ASSIGNMENT :: The span to repeat in the listing below runs from the line containing "The type of" to the line containing "2 Line Pearl and Antique Gold Earring Chains - SOKORA", inclusive. Repeat it exactly, and only it.

LISTED RECORDS ::

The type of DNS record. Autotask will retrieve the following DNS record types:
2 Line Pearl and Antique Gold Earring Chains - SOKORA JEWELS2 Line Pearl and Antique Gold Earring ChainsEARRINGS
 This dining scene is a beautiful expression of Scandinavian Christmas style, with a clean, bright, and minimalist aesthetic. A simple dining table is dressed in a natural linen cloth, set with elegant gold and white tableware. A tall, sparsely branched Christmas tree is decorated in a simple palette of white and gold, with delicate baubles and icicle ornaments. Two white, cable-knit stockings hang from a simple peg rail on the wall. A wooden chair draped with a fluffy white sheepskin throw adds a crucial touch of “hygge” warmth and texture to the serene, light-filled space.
...
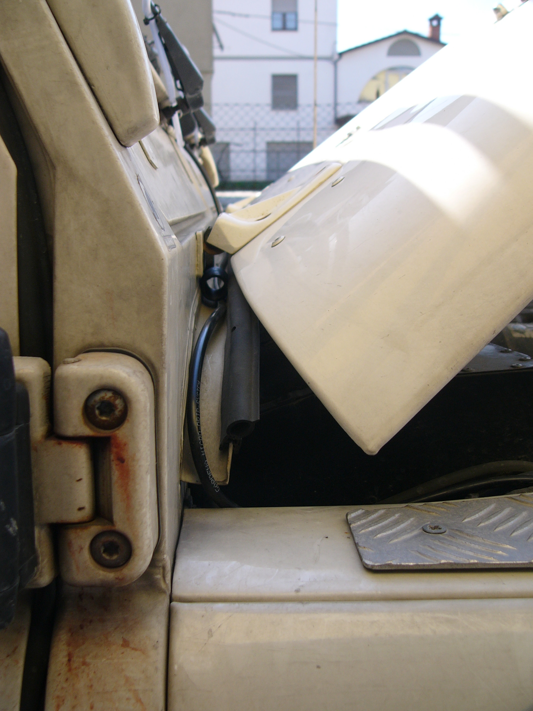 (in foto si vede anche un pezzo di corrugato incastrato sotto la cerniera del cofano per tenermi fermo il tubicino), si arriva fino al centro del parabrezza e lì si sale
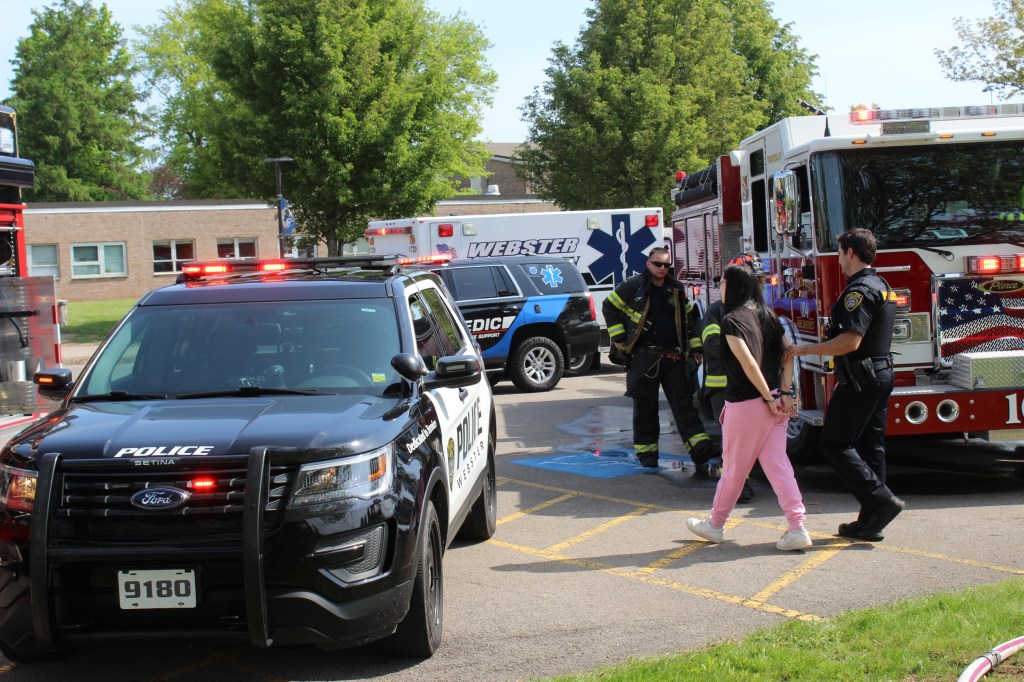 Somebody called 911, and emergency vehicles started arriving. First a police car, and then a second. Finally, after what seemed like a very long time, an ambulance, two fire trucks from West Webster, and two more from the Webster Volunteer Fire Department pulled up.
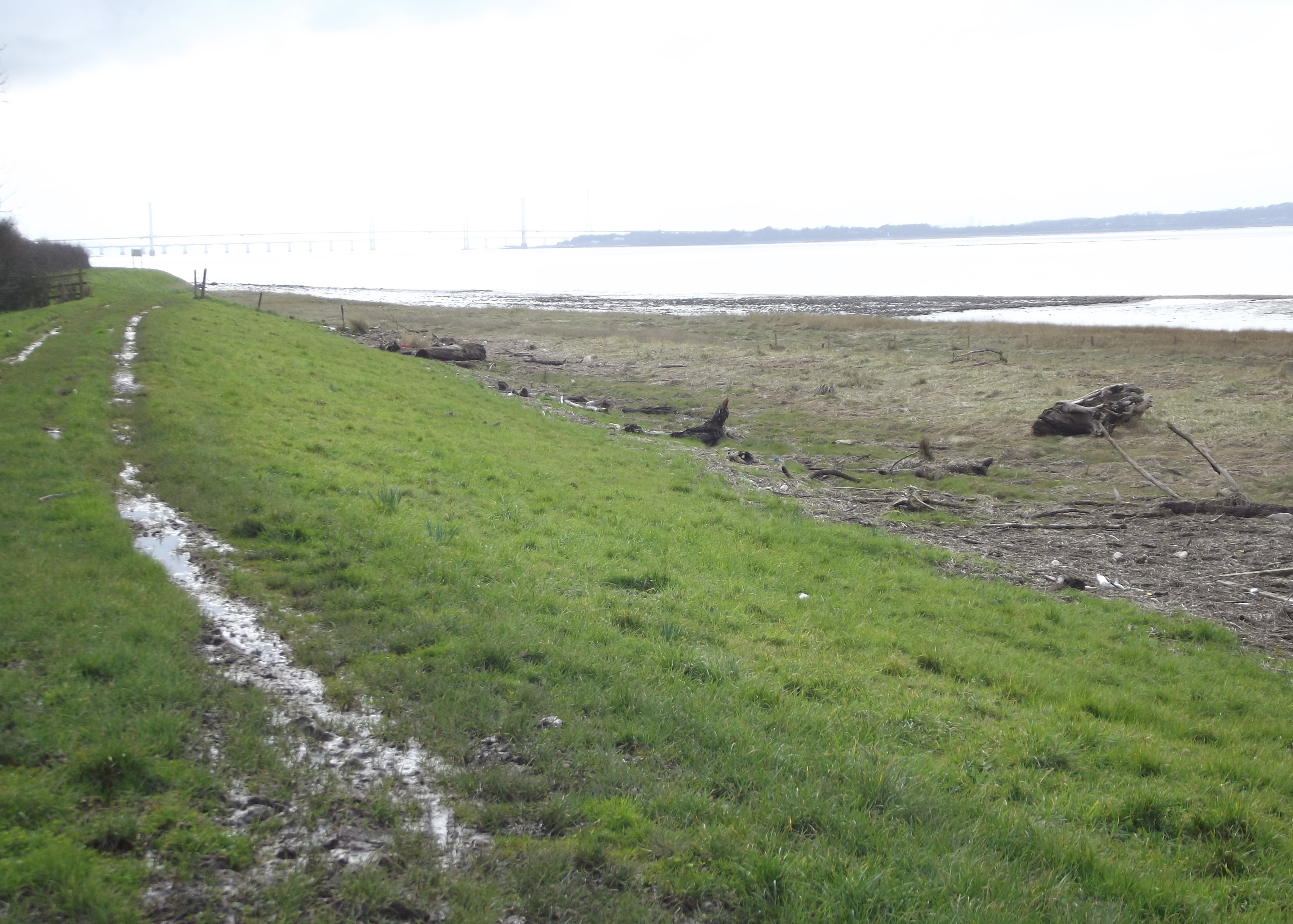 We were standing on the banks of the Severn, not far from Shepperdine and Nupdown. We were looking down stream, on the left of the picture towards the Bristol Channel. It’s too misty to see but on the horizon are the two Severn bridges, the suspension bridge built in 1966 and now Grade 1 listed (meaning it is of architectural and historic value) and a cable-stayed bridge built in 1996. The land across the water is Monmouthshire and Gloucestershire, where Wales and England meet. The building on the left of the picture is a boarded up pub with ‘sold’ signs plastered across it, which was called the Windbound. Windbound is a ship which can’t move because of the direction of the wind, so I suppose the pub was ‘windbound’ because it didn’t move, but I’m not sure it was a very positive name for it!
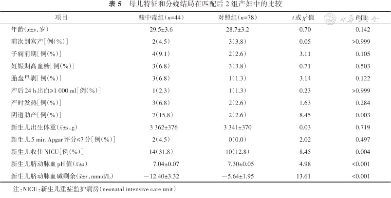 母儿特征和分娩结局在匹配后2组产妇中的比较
--
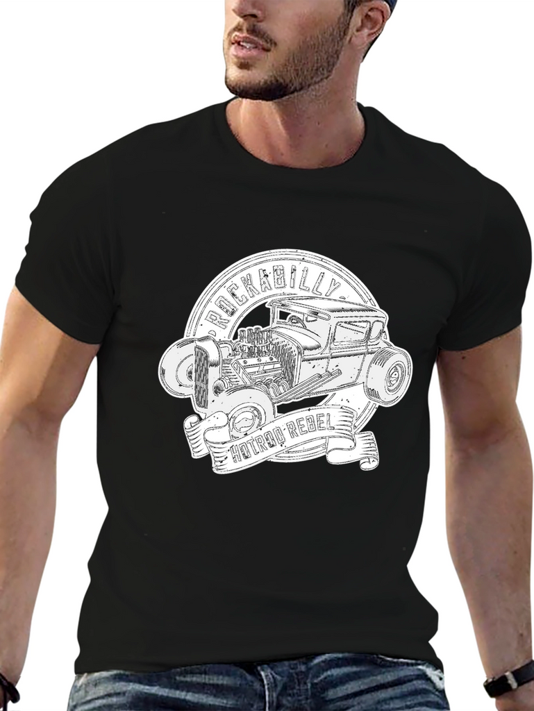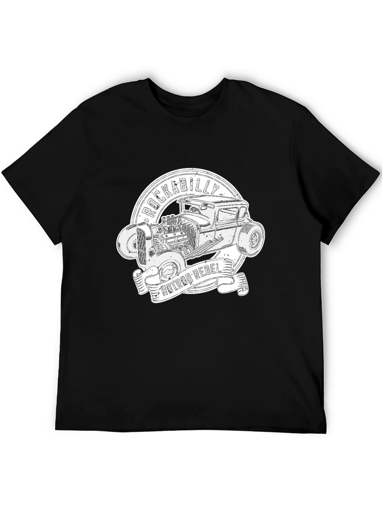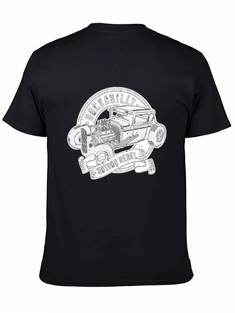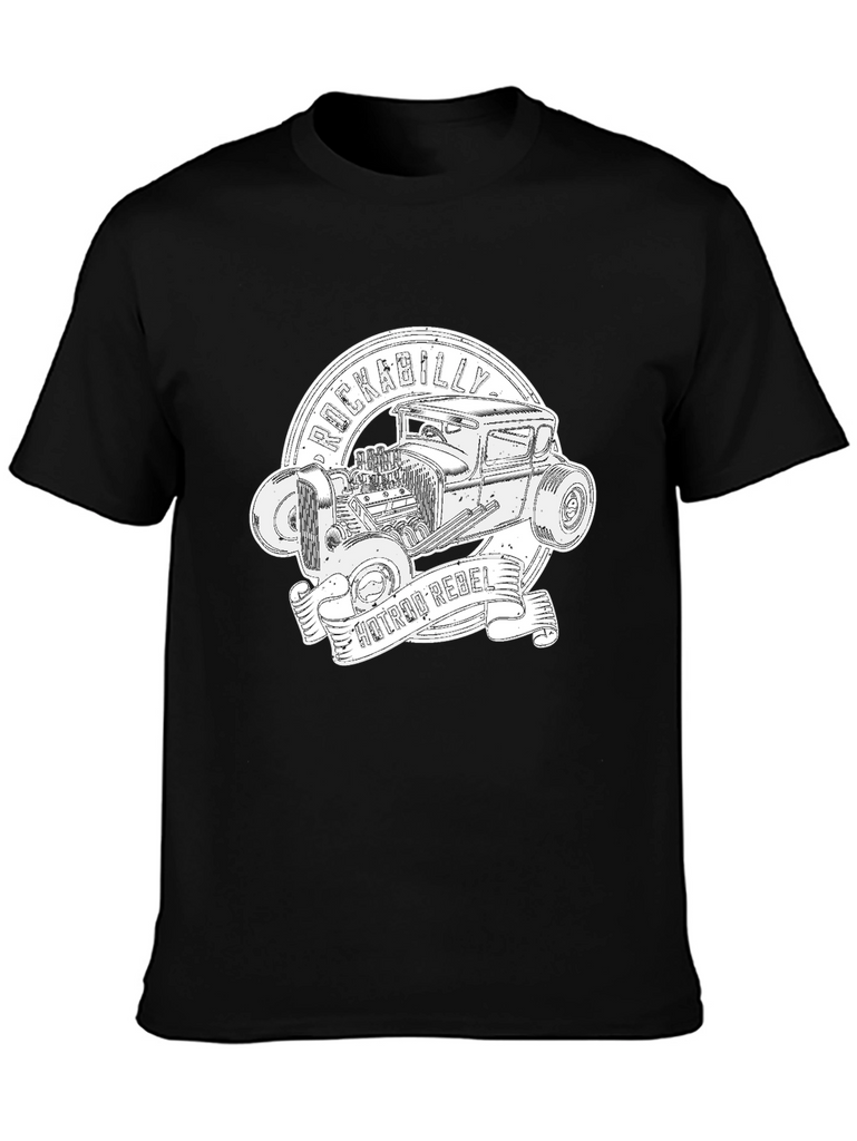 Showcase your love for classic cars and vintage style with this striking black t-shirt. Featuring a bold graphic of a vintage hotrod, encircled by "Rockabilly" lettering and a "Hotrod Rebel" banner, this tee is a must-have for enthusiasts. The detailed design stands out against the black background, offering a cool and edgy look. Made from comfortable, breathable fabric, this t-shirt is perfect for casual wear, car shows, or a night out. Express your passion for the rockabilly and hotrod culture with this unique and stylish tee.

YOUR SOLUTION ::
The type of DNS record. Autotask will retrieve the following DNS record types:
2 Line Pearl and Antique Gold Earring Chains - SOKORA JEWELS2 Line Pearl and Antique Gold Earring ChainsEARRINGS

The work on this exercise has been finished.